Laila tuvo que bajar la vista, tratando de contener el llanto.

—Sé que ahora estás casada y eres madre. Y yo me presento en tu puerta después de tantos años, después de todo lo ocurrido. Seguramente no es correcto, ni justo, pero he hecho un largo viaje para verte y… Oh, Laila, ojalá no te hubiera abandonado.

—No sigas —le rogó Laila con voz entrecortada.

—Debería haber insistido. Debería haberme casado contigo cuando tuve la oportunidad. ¡Qué distinto habría sido todo!

—No hables así, por favor. Es demasiado doloroso.

Él asintió, fue a dar un paso hacia ella, pero finalmente se detuvo.

—No doy nada por sentado. No pretendo trastornar tu vida, apareciendo así de la nada. Si quieres que me vaya, si prefieres que vuelva a Pakistán, dilo, Laila. En serio. Dilo y me iré. No volveré a molestarte jamás. Yo…

—¡No! —exclamó Laila, con más vehemencia de la que pretendía. Se dio cuenta de que había cogido a Tariq por el brazo, que lo aferraba. Dejó caer la mano—. No, no te vayas, Tariq. No. Por favor, quédate.

Él asintió.

—Rashid trabaja desde mediodía hasta las ocho. Ven mañana por la tarde. Te llevaré a ver a Aziza.

—No le temo, ya lo sabes.

—Lo sé. Vuelve mañana por la tarde.

—¿Y después?

—Después… No lo sé. Tengo que pensar. Esto es…

—Lo sé —intervino él—. Lo entiendo. Lo siento. Lamento muchas cosas.

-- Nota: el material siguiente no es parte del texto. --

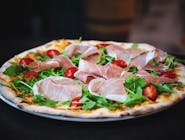 z sałatą rzymską, karmelizowaną czerwoną cebulą, parmezanem, pomidorami koktajlowymi, boczkiem, sosem cezar oraz grzankami

—No lo sientas. Prometiste que volverías y lo has hecho.

Los ojos de Tariq se llenaron de lágrimas.

—Es agradable volver a verte, Laila.

Laila temblaba mientras él se alejaba caminando. Pensó: «Tomos enteros», y un nuevo escalofrío le recorrió el cuerpo, una sensación de tristeza y desamparo, pero también de expectación y de una esperanza temeraria.